Impure functions seem harder to handle. The following works, but it feels like it works for the wrong reasons:

julia> f(x) = push!(x, 10)
f (generic function with 1 method)

julia> xs = [[1, 2], [3, 4]]
2-element Vector{Vector{Int64}}:
 [1, 2]
 [3, 4]

julia> all(zip(map(f, copy(xs)), xs)) do (fx, x)
           a = f(x)
           @show a
           @show fx
           isequal(fx, a)
       end
a = [1, 2, 10, 10]
fx = [1, 2, 10, 10]
a = [3, 4, 10, 10]
fx = [3, 4, 10, 10]
true

There's probably a counter-example with an impure function where the all expression returns false...

At any rate, the all expression is starting to look a bit too unwieldy to add to the docstring. Perhaps there's a better way to describe the output order in prose. The best I can think of at the moment is something like this:

The order of the output matches the order of the input. For example,
the first element of the output is `f(first(x))` and the last element of the
output is `f(last(x))`.

And yeah, the order of zip is actually not guaranteed either.

I think that comment is referring to the fact that, for zip(itr1, itr2), it is undefined whether the $i$-th tuple is evaluated by first iterating itr1 and then iterating itr2 or by first iterating itr2 and then iterating itr1. In other words, the evaluation of the $i$-th tuple could be done either like this:

a, state1 = iterate(itr1, state1)
b, state2 = iterate(itr2, state2)
return (a, b)

or like this:

b, state2 = iterate(itr2, state2)
a, state1 = iterate(itr1, state1)
return (a, b)

The order of the output tuples, on the other hand, is most definitely intended to correspond to the order of the input tuples, except for weird cases with aliased, stateful iterators (e.g. itr = Iterators.Stateful(1:5); zip(itr, itr)). In other words, the first tuple should normally be (first(itr1), first(itr2)).

CameronBieganek commented 1 year ago

I should reiterate the main message of my original post:

Without a guarantee in the docstring on the order of the output, no one should ever use map unless they are going to perform a reduction (with an associative operator) on the output.

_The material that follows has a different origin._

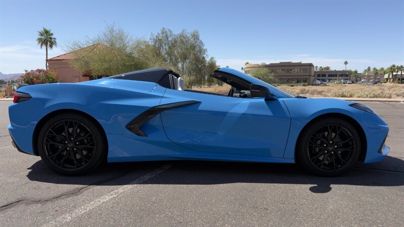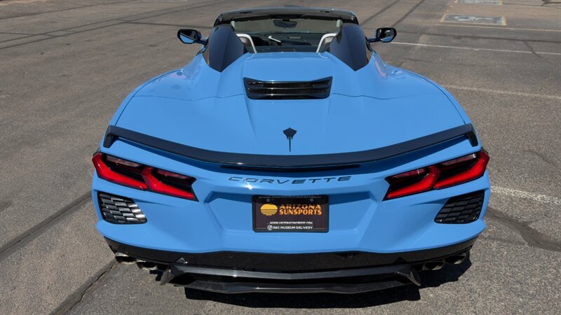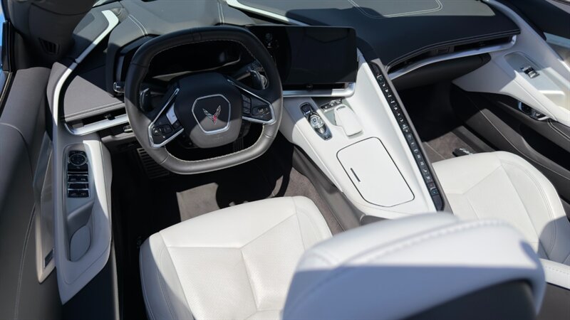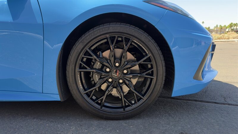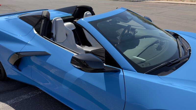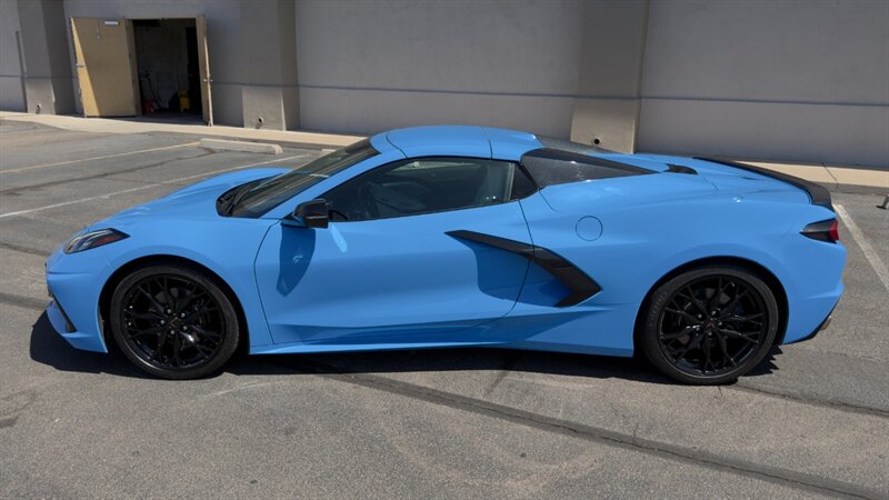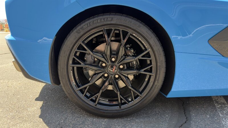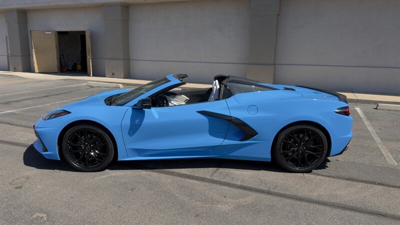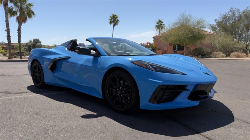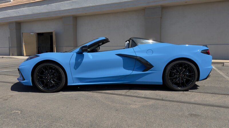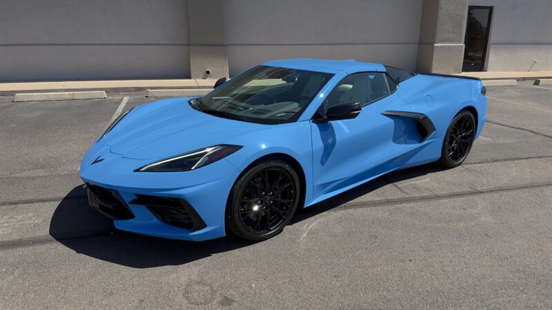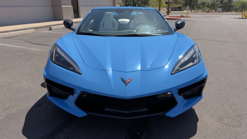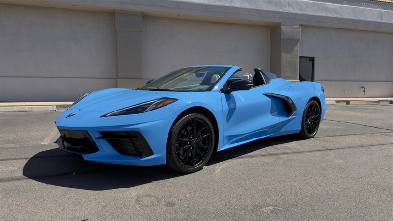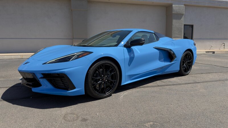 The introduction of the eighth-generation Corvette fundamentally altered the global supercar landscape. By moving the 6.2L V8 DI engine behind the cabin, Chevrolet unlocked a level of rotational balance and acceleration that finally put European exotics on notice. The 2024 Corvette Stingray Convertible 2LT refines this mid-engine architecture into a world-class grand tourer, offering breathtaking performance without sacrificing daily usability. What truly separates this specific example from a crowded market is its exceptionally curated option sheet. The powertrain delivers a visceral acoustic experience as it revs through the lightning-fast 8-speed dual-clutch transmission , enhanced by an active Performance Exhaust. The chassis dynamics are elevated by Magnetic Selective Ride Control, a highly sought-after suspension system that instantly adapts to provide either track-focused stiffness or supple highway cruising. Furthermore, navigating steep driveways is completely effortless thanks to the Front Lift Adjustable Height with Memory , protecting the front fascia. The exterior presentation is an absolute standout. It is finished in the vibrant Rapid Blue , providing a stunning, aggressive contrast against the Carbon Flash Painted Nacelles and Carbon Flash Metallic Painted Outside Mirrors. To ensure this striking finish remains flawless, the exterior has been professionally ceramic coated, and a full Paint Protection Film (PPF) has been meticulously applied to the front of the car, including the full hood, mirrors, and nacelles. The profile is grounded by a set of optional 20-spoke Gloss Black Forged Aluminum wheels measuring 19 inches in the front and 20 inches in the rear. When the power retractable hard top is dropped , it reveals a pristine Sky Cool Gray interior, creating a remarkably sophisticated and airy cabin aesthetic that perfectly offsets the bright exterior. As a 2LT, the cockpit is heavily equipped for driver comfort and modern connectivity. The 8-way power GT bucket seats are both heated and ventilated , which, paired with the heated leather-wrapped steering wheel, ensures year-round open-air enjoyment. The technology suite leaves nothing to be desired, featuring a Head-Up Display , a premium Bose Performance Series 14-speaker audio system , and the integrated Performance Data and Video Recorder to capture your weekend drives. With just 17,500 miles on the odometer, this impeccably maintained, one-owner Stingray boasts undeniable enthusiast provenance, having originally been acquired via Corvette Museum Delivery. It is a fully dialed-in, heavily optioned modern marvel that perfectly balances aggressive, track-ready styling with refined touring luxury.

bvdmitri commented 1 year ago

I agree with you issue, I just feel it unnecessary to come up with a "code explanation", which has many other implicit assumptions. You've explained it pretty well in one sentence "The order of the output matches the order of the input.". That should be enough?

jishnub commented 1 year ago

Since you're referring to the order being undefined, do you mean that the reduction operator should be commutative?

CameronBieganek commented 1 year ago

Yeah, I guess the operator needs to be both associative and commutative to be able to arbitrarily rearrange the order of the sequence without changing the value of the reduction. But that's not part of the proposed docstring. That was just me complaining about the vagueness of the current map docstring.

nsajko commented 1 year ago

Related observation: the foreach doc string says:

foreach should be used instead of map when the results of f are not needed, for example in foreach(println, array).

This kind of (but not really, perhaps) implies the expected output order of map.

It was added all the way back in 71fc3b3ac6413d369d954e286835192ccc3784b3, together with the NEWS entry for foreach.